Your objective » Every line below from the one containing "理想树《600分考法700分·高考物理 (2025版)》资源目录" through the one containing "- 본 교재는 ‘김사부의" is to be printed exactly, with the pictures omitted.

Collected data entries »
◇ ◇ ◇ ◇

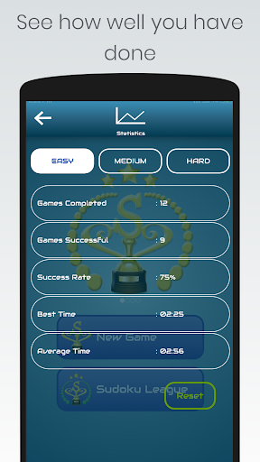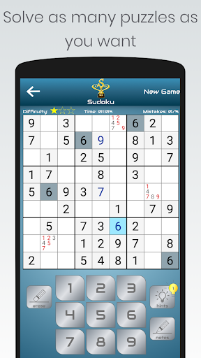 1. Classic 9x9 sudoku game (easy-medium-hard difficulty levels): Players can choose sudoku puzzle depending on their difficulty levels, solve as many sudoku puzzles as they want and see their sudoku game stats. Player can reset these sudoku game stats whenever you want.
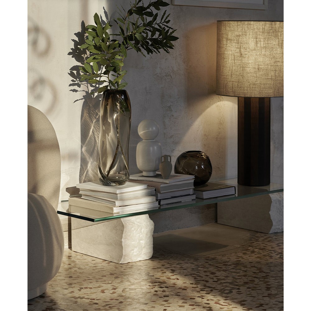 Ontdek de prachtige minerale displaytafel van Ferm Living met een glad, rechthoekig glazen blad geplaatst op een basis van twee stenen blokken aan het uiteinde.
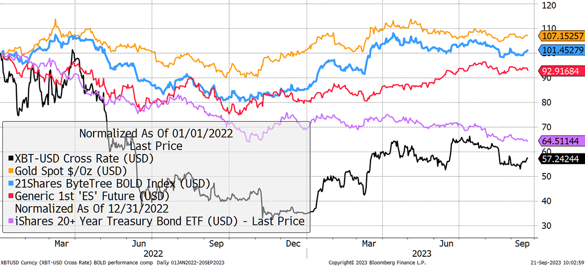 The recent malaise in markets began in January 2022. Since then, US Treasuries are down 36% and the S&P 500 8%. Gold is up 7%, with Bitcoin down 43%, yet BOLD has been remarkable under the circumstances.
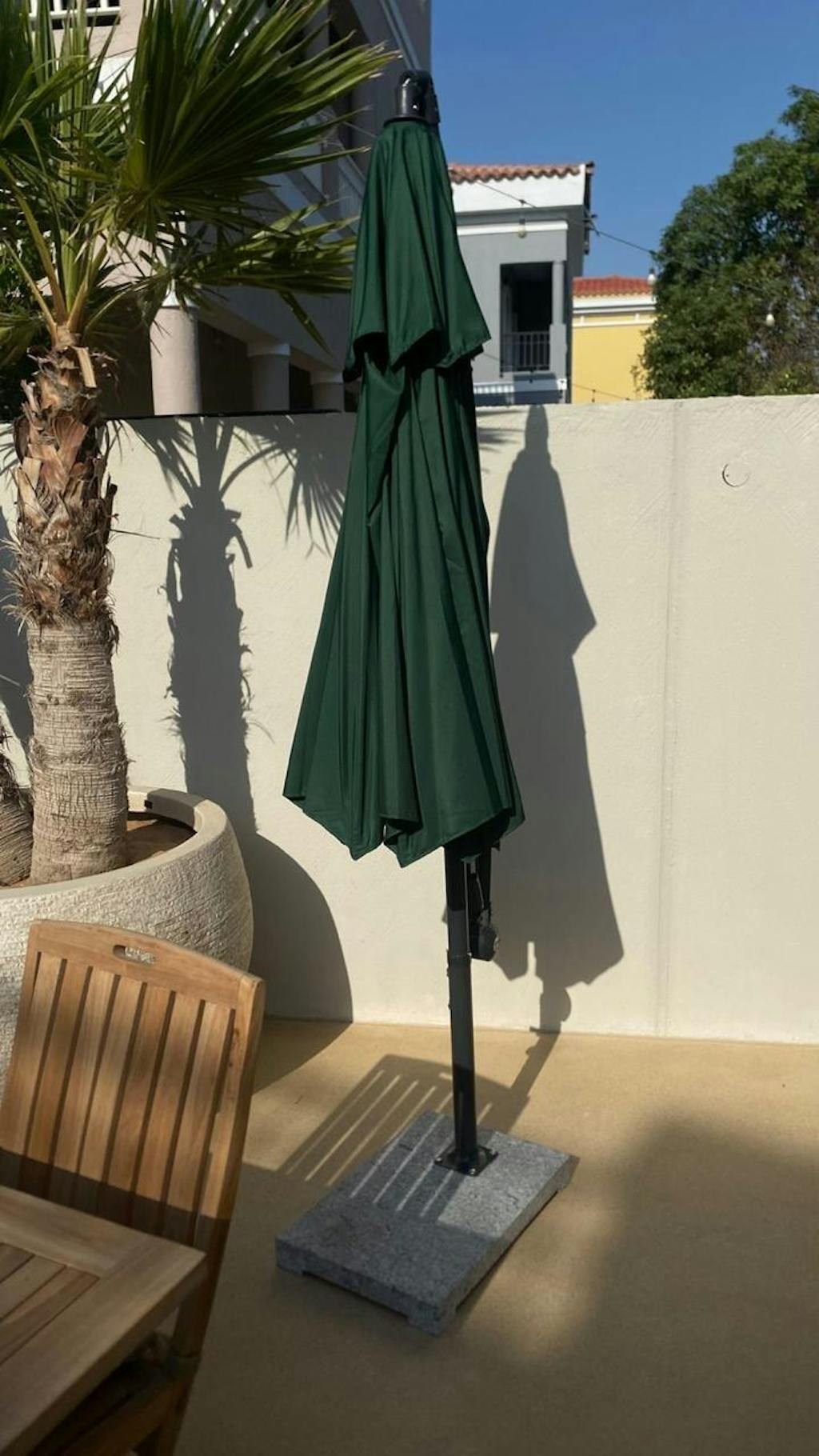 The umbrella gives a luxury outdoor café feel. Strong frame, easy rotation, and great shade.
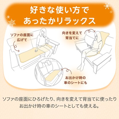 ソファの座面にひろげたり、向きを変えて背当てに使ったりお出かけ時の車のシートとしても使える。
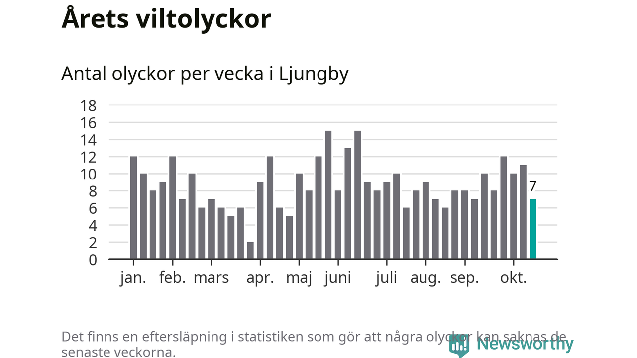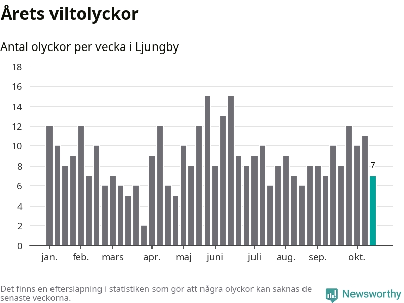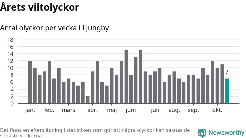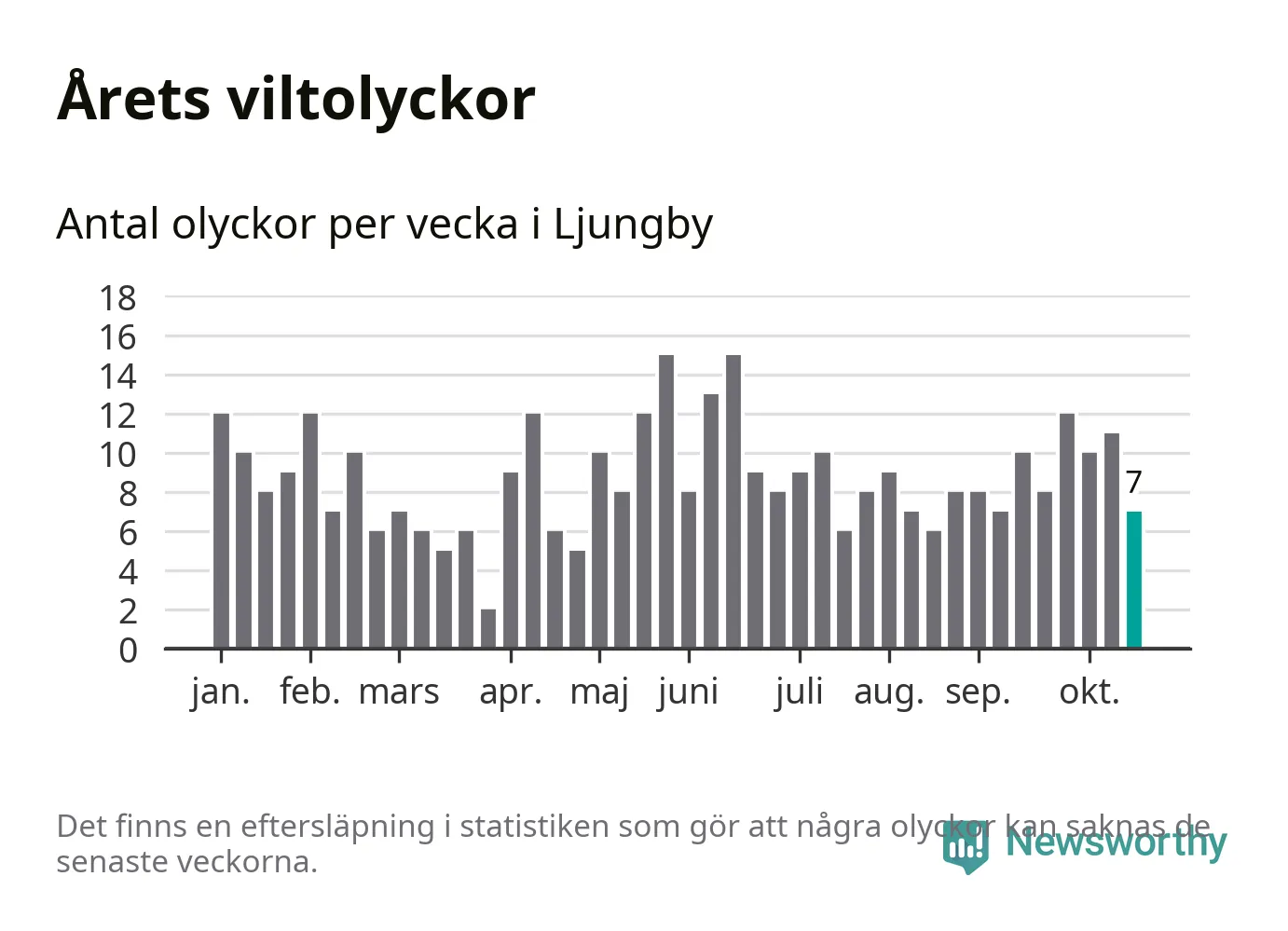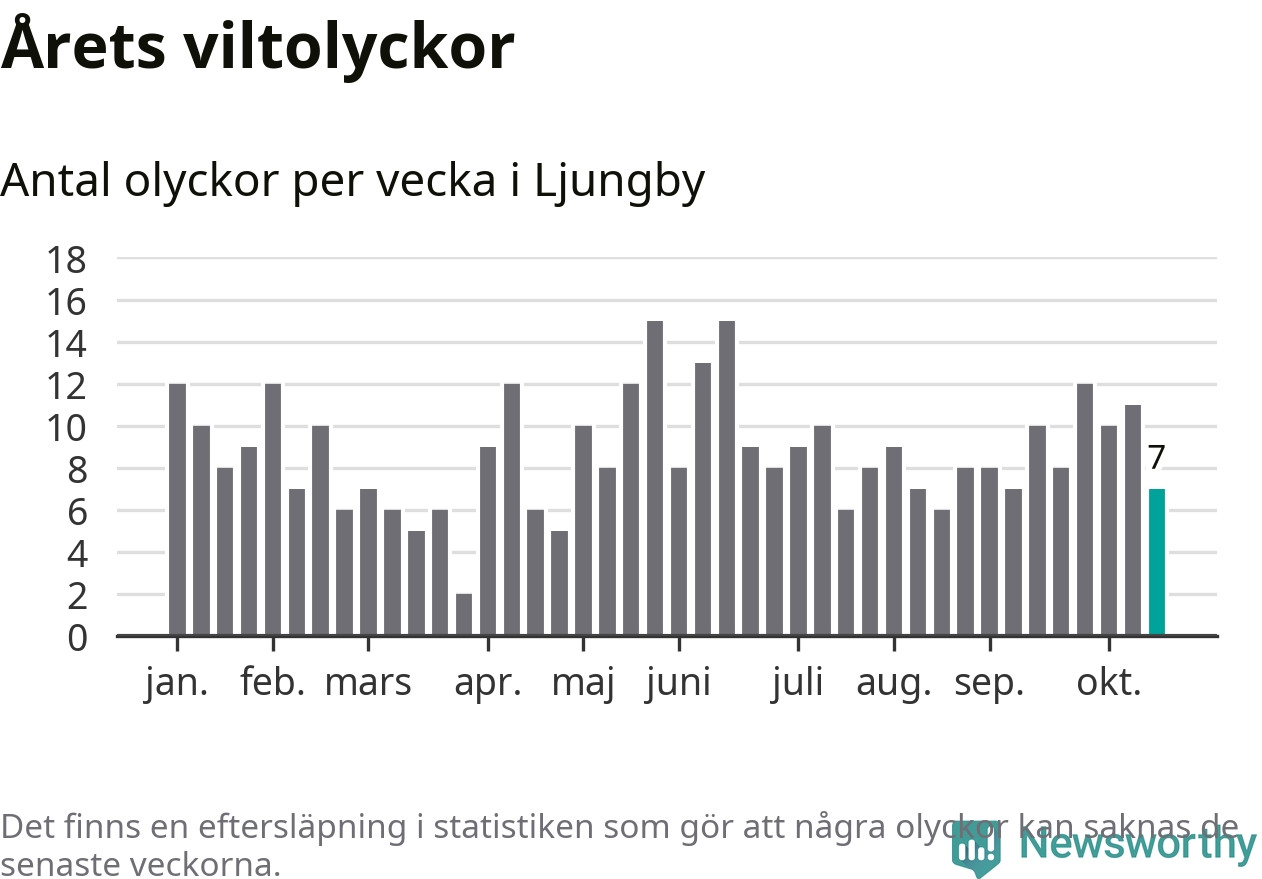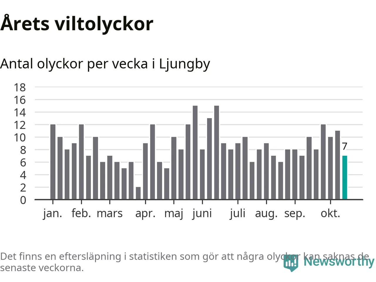 Hittills har sju viltolyckor rapporterats in i Ljungby kommun från vecka 43. Se listan här.
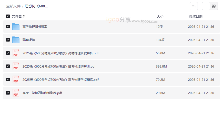理想树《600分考法700分·高考物理 (2025版)》资源目录
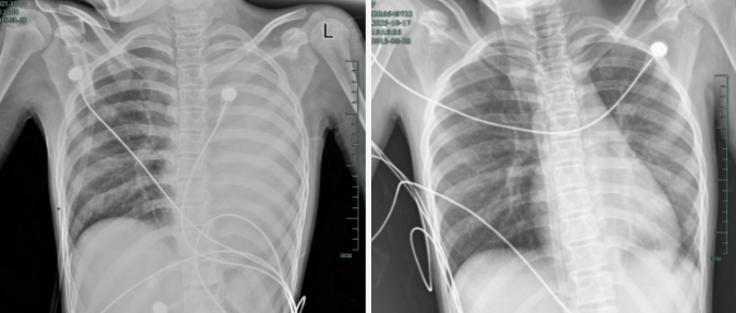 據介紹,笑笑一開始只是輕微咳嗽,發熱到38℃,檢查提示肺炎、肺不張,轉診到浙大四院兒科時,病情已經急劇惡化,出現呼吸急促、胸悶胸痛,體溫38.5℃,只能靠5L/min的面罩吸氧維持血氧,胸片顯示左肺已完全呈 “白肺” 改變,肺部炎症進展迅猛。
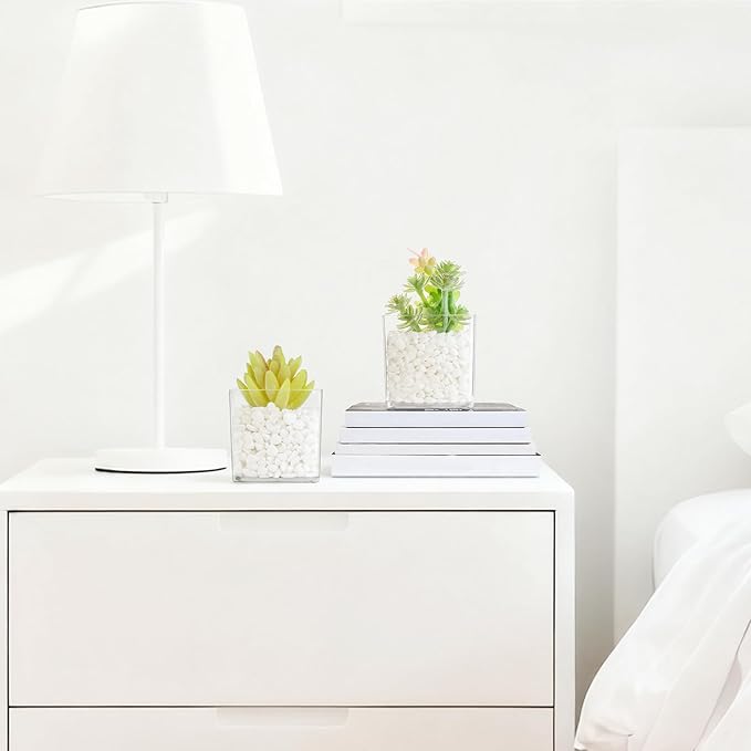 - Premium Acrylic Pot Design: This set includes two 2.36in clear acrylic cube pots. Acrylic is lightweight, durable, and shatterproof. The transparent material allows the white pebbles inside to be clearly visible, making it ideal for humid environments or spaces where real plants wouldn't survive, such as the living room, office, or bathroom.
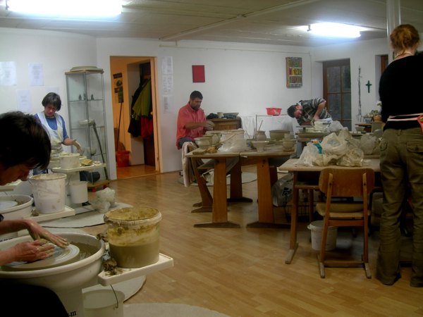 Hier sind ein paar Fotos vom letzten Kurs "Drehen an der Töpferscheibe", bei denen man die Ergebnisse bestaunen kann und unten gibt es ein Video vom Entstehen eines Gefäßes, das ich auf der Scheibe drehe!
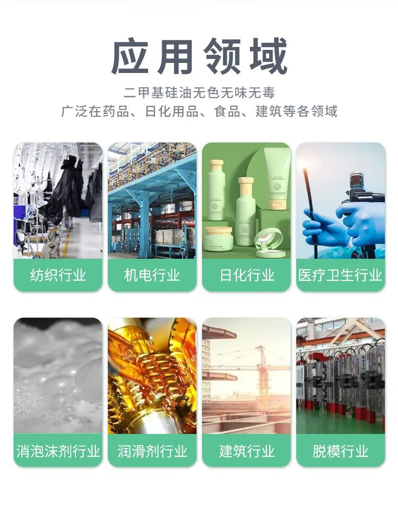 硅油及其衍生物的主要应用为:脱膜剂、减震油、介电油、液压油、热传递油、扩散泵油、消泡剂、润滑剂、疏水剂、油漆添加剂、抛光剂、化妆品和日常生活用品添加剂、表面活性剂、颗粒和纤维处理剂、硅脂、絮凝剂。
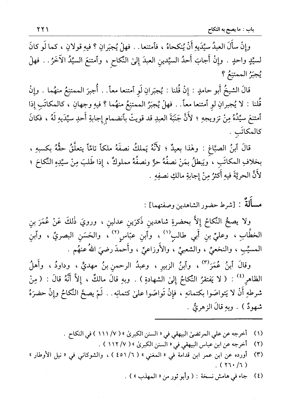 وإن سأل العبد سيديه أن ينكحاه، فامتنعا..فهل يجبران؟ فيه قولان، كما لو كان لسيد واحد. وإن أجاب أحد السيدين العبد إلى النكاح، وامتنع السيد الآخر.. فهل يجبر الممتنع؟
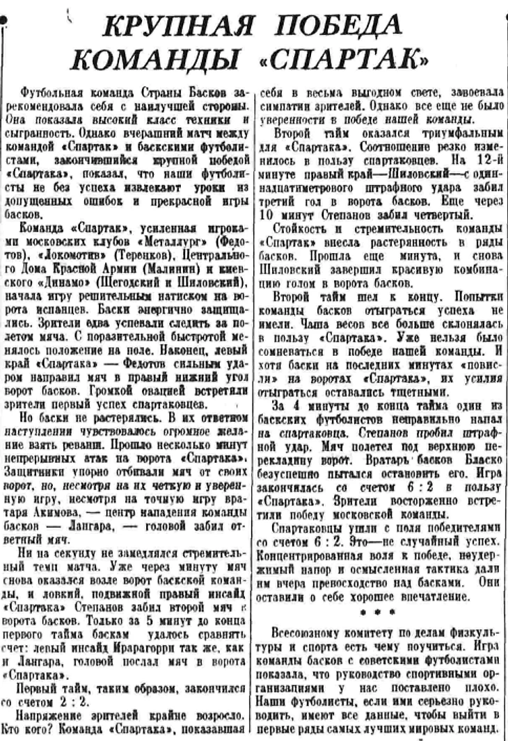 Приезд команды басков в Москву принёс большую пользу лучшим нашим командам. Отсюда напрашивается вывод: надо чаще смотреть футбол европейских футболистов, надо, чаще играть с ними. И в заключение: нельзя ли сыграть с басками еще несколько матчей после их возвращения из Киева и Тбилиси?
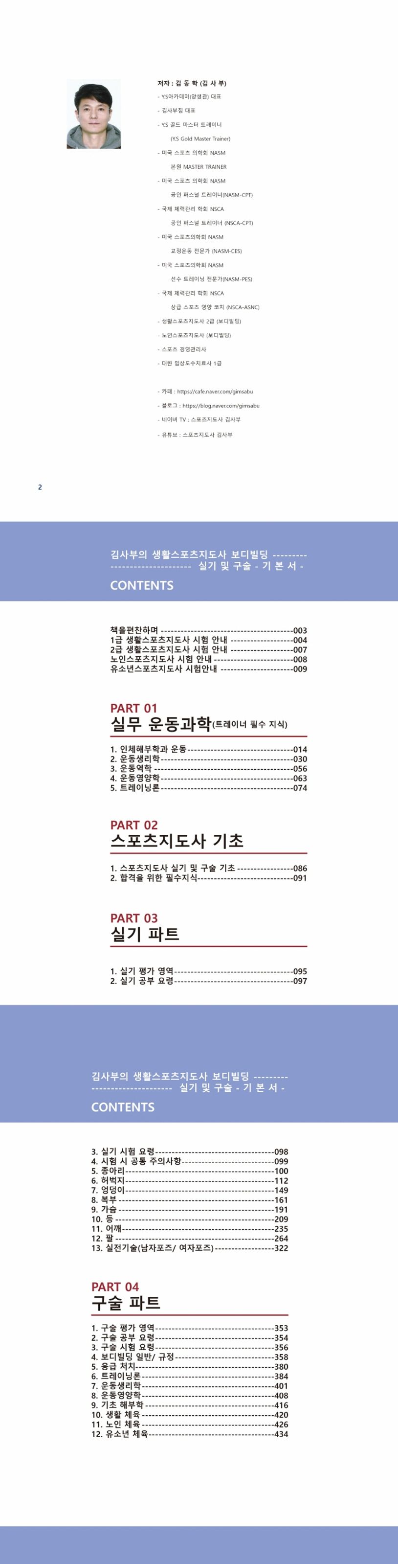 - 본 교재는 ‘김사부의 2급생활 스포츠지도사 실기 및 구술 최사위 수험서’의 후속편으로 저자의 지난 10년간의 교육 노하우와 수 십년간의 트레이닝 노하우를 모두 담은 최고의 수험서이다. 저자는 시험 합격을 위해 필요한 모든 노하우와 지식들을 빠짐없이 담기위해 노력했으며, 트레이너 실무에 꼭 필요한 필수 지식들 역시 포함하고 있다. 트레이너들과 예비 트레이너들의 스포츠지도사 시험 합격을 위해 꼭 필요한 수험서이며, 자격증 취득 후 실무 트레이닝 시 꼭 필요한 실무 지식들을 포함하고 있기 때문에 빠른 실무 적응과 트레이닝 능력 향상을 얻을 수 있을 것이다. 기본서로 만들어지다 보니 수험생들은 책의 내용이 많다고 느낄 수 있겠지만, 지나고 나면 이 책의 내용들이 수험생들의 지식을 얼마나 많이 성장시켰는지 느낄 수 있을 것이며, 이것은 트레이닝 실무에서의 성공으로 연결될 수 있을 것이다. 저자는 네이버 카페 ‘스포츠지도사 Y.S아카데미’를 통해 실기 및 구술 인강을 공개하고 있으며, 교재 등록 후 교육생 등급이 되면 모두 무료로 수강이 가능하다.
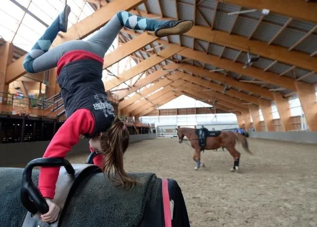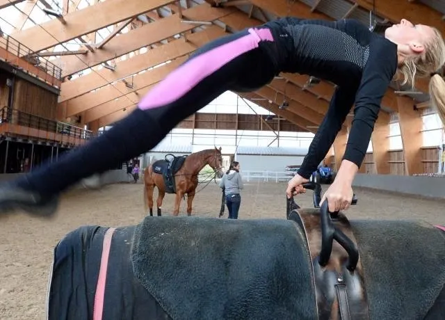 Sandra Tronchet dirige l'école de voltige équestre qui se trouve au pôle européen du cheval, à Yvré-L'Evêque.

◇ ◇ ◇ ◇

Expected answer »
理想树《600分考法700分·高考物理 (2025版)》资源目录
 據介紹,笑笑一開始只是輕微咳嗽,發熱到38℃,檢查提示肺炎、肺不張,轉診到浙大四院兒科時,病情已經急劇惡化,出現呼吸急促、胸悶胸痛,體溫38.5℃,只能靠5L/min的面罩吸氧維持血氧,胸片顯示左肺已完全呈 “白肺” 改變,肺部炎症進展迅猛。
 - Premium Acrylic Pot Design: This set includes two 2.36in clear acrylic cube pots. Acrylic is lightweight, durable, and shatterproof. The transparent material allows the white pebbles inside to be clearly visible, making it ideal for humid environments or spaces where real plants wouldn't survive, such as the living room, office, or bathroom.
 Hier sind ein paar Fotos vom letzten Kurs "Drehen an der Töpferscheibe", bei denen man die Ergebnisse bestaunen kann und unten gibt es ein Video vom Entstehen eines Gefäßes, das ich auf der Scheibe drehe!
 硅油及其衍生物的主要应用为:脱膜剂、减震油、介电油、液压油、热传递油、扩散泵油、消泡剂、润滑剂、疏水剂、油漆添加剂、抛光剂、化妆品和日常生活用品添加剂、表面活性剂、颗粒和纤维处理剂、硅脂、絮凝剂。
 وإن سأل العبد سيديه أن ينكحاه، فامتنعا..فهل يجبران؟ فيه قولان، كما لو كان لسيد واحد. وإن أجاب أحد السيدين العبد إلى النكاح، وامتنع السيد الآخر.. فهل يجبر الممتنع؟
 Приезд команды басков в Москву принёс большую пользу лучшим нашим командам. Отсюда напрашивается вывод: надо чаще смотреть футбол европейских футболистов, надо, чаще играть с ними. И в заключение: нельзя ли сыграть с басками еще несколько матчей после их возвращения из Киева и Тбилиси?
 - 본 교재는 ‘김사부의 2급생활 스포츠지도사 실기 및 구술 최사위 수험서’의 후속편으로 저자의 지난 10년간의 교육 노하우와 수 십년간의 트레이닝 노하우를 모두 담은 최고의 수험서이다. 저자는 시험 합격을 위해 필요한 모든 노하우와 지식들을 빠짐없이 담기위해 노력했으며, 트레이너 실무에 꼭 필요한 필수 지식들 역시 포함하고 있다. 트레이너들과 예비 트레이너들의 스포츠지도사 시험 합격을 위해 꼭 필요한 수험서이며, 자격증 취득 후 실무 트레이닝 시 꼭 필요한 실무 지식들을 포함하고 있기 때문에 빠른 실무 적응과 트레이닝 능력 향상을 얻을 수 있을 것이다. 기본서로 만들어지다 보니 수험생들은 책의 내용이 많다고 느낄 수 있겠지만, 지나고 나면 이 책의 내용들이 수험생들의 지식을 얼마나 많이 성장시켰는지 느낄 수 있을 것이며, 이것은 트레이닝 실무에서의 성공으로 연결될 수 있을 것이다. 저자는 네이버 카페 ‘스포츠지도사 Y.S아카데미’를 통해 실기 및 구술 인강을 공개하고 있으며, 교재 등록 후 교육생 등급이 되면 모두 무료로 수강이 가능하다.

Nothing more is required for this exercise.